Sinister': Turkey Installing Tip Boxes Encouraging Neighbors to Spy on Each Other

“What we can expect is more people hauled from their homes for unspecified ‘crimes’ that they may or may not have done..."

The Turkish government is launching a new campaign encouraging neighbors to tattle on each other by placing anonymous notes in boxes to be installed nationwide. The plan has elicited criticism from journalists who are using terms such as “sinister” and “troubling” and comparing the plan to Nazism, Stalinism and the Stasi, saying it will peel away the trust between citizens and will inevitably lead to abuse.

Illustrative photo (Image source: Getty Images)

The code name for the project is “The Confidential Police Notice Point Project” which will accept both written and oral complaints, Turkish media report, though it’s unclear how the boxes will anonymously collect oral testimonies.

Hurriyet Daily News and other Turkish media are reporting that the tip box installation plan was apparently prompted by a call from Prime Minister Recep Tayyip Erdogan urging citizens to sue their neighbors if they bang pots and pans in support of the Gezi Park protests, a nightly occurrence in some areas.

“It’s a crime to disturb neighbors. I’m telling you that such acts require punishment,” Erdogan said. “Because no one has the right to disturb the peace of this nation.”

“When people want to report to the police about a crime through email, letter or fax, they can be concerned that their identity will be revealed and they will get hurt; when they want to report in person, they might hesitate due to the length of the bureaucratic processes,” the Directorate of Public Order of the Police Department said according to the Cihan new agency.

Jenny White, a Boston University social anthropology professor who writes extensively about Turkey is alarmed by the tattling campaign. She writes, “what we can expect is more people hauled from their homes for unspecified ‘crimes’ that they may or may not have done and that may or may not actually be on the law books. Serendipity might be the new watchword instead of justice — the chance to trample on your neighbor or a stranger with impunity.”

“The former East Germany also had an entrenched network of people spying on one another for the Stasi secret police. Once Stasi archives were opened, it was learned that one in ten citizens of the GDR spied for the Stasi, spouses on each other, children on their parents, and friends and fellow activists on one another,” White adds.

Freelance writer David Lepeska, who lives in Istanbul, calls the plan “sinister.” He writes on the website Next City, “All this should be acutely troubling to anyone who cares about democracy in the urban world.
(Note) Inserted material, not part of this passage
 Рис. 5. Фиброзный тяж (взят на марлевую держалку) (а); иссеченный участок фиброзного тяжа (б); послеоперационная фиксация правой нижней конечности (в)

Istanbulites long weary of the gaze of their government now must look into the eyes of their neighbors.”

“Tools similar to the informant boxes have been used in dictator-run Arab countries before, and as well as in Nazi Germany and Stalinist Russia — places where secret police kept watch and public trust evaporated,” Lepeska adds.
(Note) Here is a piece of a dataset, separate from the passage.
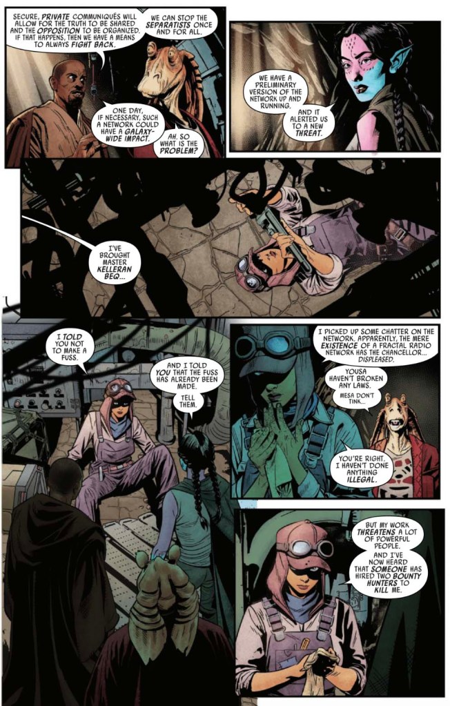Like much of what we see from Jar Jar in the movies, in the book he mostly seems to luck his way into being useful and even then, somewhat reluctantly. His biggest role in all of this is that he ends up taking over piloting duties to escape bounty hunters only when the actual pilot is injured and even then, he largely needs to be told what to do. Things take a more potentially interesting turn when Jar Jar meets with the Chancellor and starts to put two and two together for himself. As the issue closes, we see Jar Jar finally do something decisive, taking the big step to begin putting together what will eventually become the Rebellion. It’s in those final pages that we really get to see the potential in what Jar Jar will actually do, but the issue feels more like a bit of fan service and filler to set up for it. The effect is more of a retcon of sorts, but never fully absolves Jar Jar of being a key player in Palpatine’s rise. It’s just a nice little asterisk in the story to show that he did, actually, realize he made a mistake and tried to fix things as best he knew how.
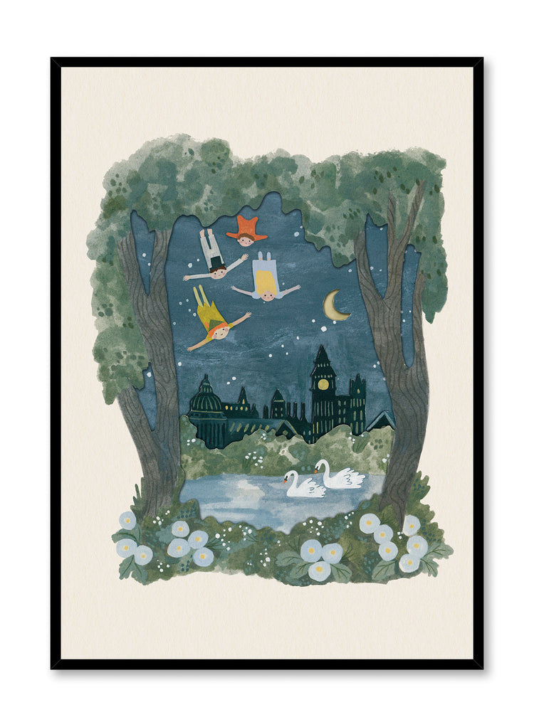 Nestled within a lush, moonlit forest, this enchanting print captures a whimsical scene of two children flying over a serene lake, with swans gliding gracefully below. The backdrop reveals a charming cityscape under a starlit sky, where a crescent moon hangs gently above. Framed by towering trees, the scene invites viewers to explore a world where imagination takes flight, offering a glimpse into a storybook adventure.

“With anonymous reporting, the potential for abuse is considerable,” he adds.

Al-Monitor columnist Tulin Daloglu echoes that concern, writing, “it’s impossible to guarantee that authorities won’t ever abuse the power.”
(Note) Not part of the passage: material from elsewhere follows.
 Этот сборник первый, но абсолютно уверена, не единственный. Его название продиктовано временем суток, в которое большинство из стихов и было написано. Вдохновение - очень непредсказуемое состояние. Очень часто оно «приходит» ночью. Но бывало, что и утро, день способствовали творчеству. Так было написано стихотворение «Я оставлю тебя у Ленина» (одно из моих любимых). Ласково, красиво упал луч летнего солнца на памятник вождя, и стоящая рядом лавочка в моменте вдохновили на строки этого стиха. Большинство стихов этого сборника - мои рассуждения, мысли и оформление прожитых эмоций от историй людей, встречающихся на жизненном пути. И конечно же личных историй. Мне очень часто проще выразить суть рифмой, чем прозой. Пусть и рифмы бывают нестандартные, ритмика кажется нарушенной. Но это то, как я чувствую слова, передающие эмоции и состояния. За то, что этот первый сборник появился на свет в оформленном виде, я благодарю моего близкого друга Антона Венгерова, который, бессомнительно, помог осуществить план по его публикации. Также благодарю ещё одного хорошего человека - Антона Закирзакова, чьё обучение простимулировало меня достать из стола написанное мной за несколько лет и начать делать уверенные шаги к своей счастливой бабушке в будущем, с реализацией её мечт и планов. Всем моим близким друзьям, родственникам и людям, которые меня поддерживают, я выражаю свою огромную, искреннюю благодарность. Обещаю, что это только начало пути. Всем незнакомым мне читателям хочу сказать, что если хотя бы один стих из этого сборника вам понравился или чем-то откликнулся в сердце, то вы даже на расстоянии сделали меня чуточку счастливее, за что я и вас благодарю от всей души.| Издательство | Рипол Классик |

Lest you may think something similar couldn’t happen in the U.S., check out a news report from Washington State around the Fourth of July last month.

KOMO-4 TV reported that in the neighborhood of Magnolia, a citizen was seen posting signs on light polls asking community members “to stop the madness” and turn each other in if someone is seeing lighting fireworks. It suggested videotaping any culprits and reporting them to police.

One neighbor said, "I have called the police when it got really bad, but I've never videotaped or anything like that. That's taking it a little too far.”